Representatives from the Texas Department of Transportation Wednesday reviewed statistics and told commissioners of several plans available aimed at making FM 46 West from Boerne to Bandera a safer highway.
Commissioner Christina Bergmann said she began receiving calls after a recent head-on collision on 46 killed three Pipe Creek family members.
Clayton Ripps, TxDOT deputy district engineer for the San Antonio region, described improvement options — including a third-lane for turning or passing — and more immediate short-term solutions, such as speed monitoring, and more presence of officers and patrols.
Vehicle speed and pavement limitations have to be overcome for more strident efforts to take place.
“Speeding is the no. 1 driving force behind these fatalities,” he said.

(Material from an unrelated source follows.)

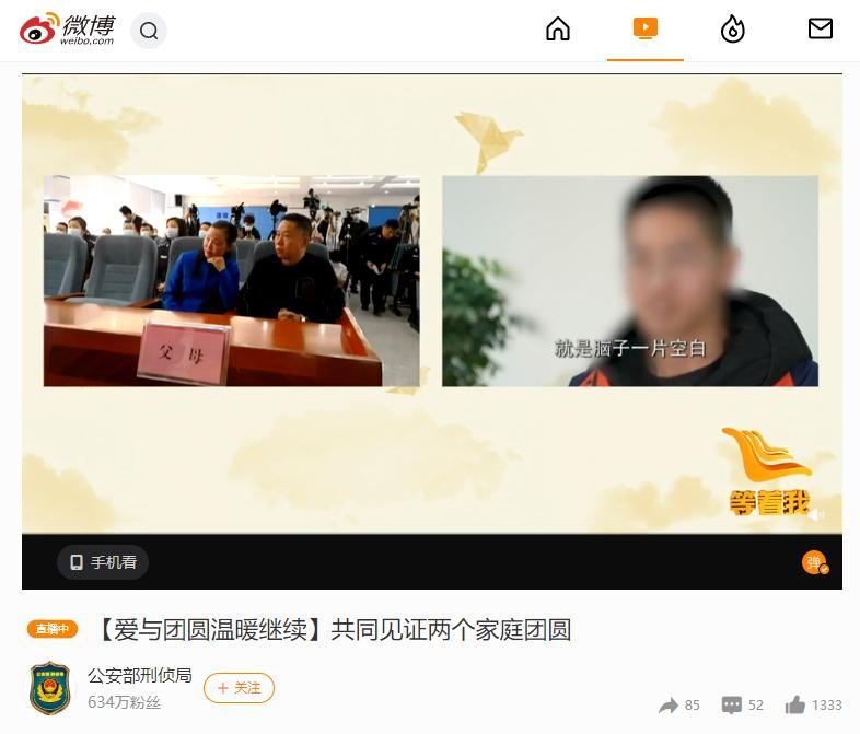 12月6日(周一)12:30,@公安部刑侦局 微博直播认亲仪式。

Impairment and distraction are contributors as well, many combined with speed issues to create hazardous driving.
Between 2019-2024, TxDOT reported 337 total crashes on FM 46, six of those involving fatalities.
“For a state highway with similar traffic volumes, that’s twice the national average. That puts it in perspective with similar roads across the country,” he said.
Commissioner Andre Wisian pointed out the fatality is the number of crashes where people died and not the number of fatalities recorded from those collisions.
“The right-of-way, fenceline to fenceline, generally we have 80 feet at one of the narrowest sections of FM 46. With state highways, you typically have in the realm of 120 feet, minimal,” Ripps said.
He said one of the long-term solutions, a four-lane divided highway, would require about 300 feet of right-of-way and need 134 acres of land acquisition along the route just for the roadway, not including utilities, drainage, etc.
“Your county roadway width is 72 feet for a collector. So basically, 46 is the width of a county road, yet it’s functioning at a much higher classification than that,” he said.
Ripps reviewed traffic count projections for the year 2050, after several major developments in the area will be completed.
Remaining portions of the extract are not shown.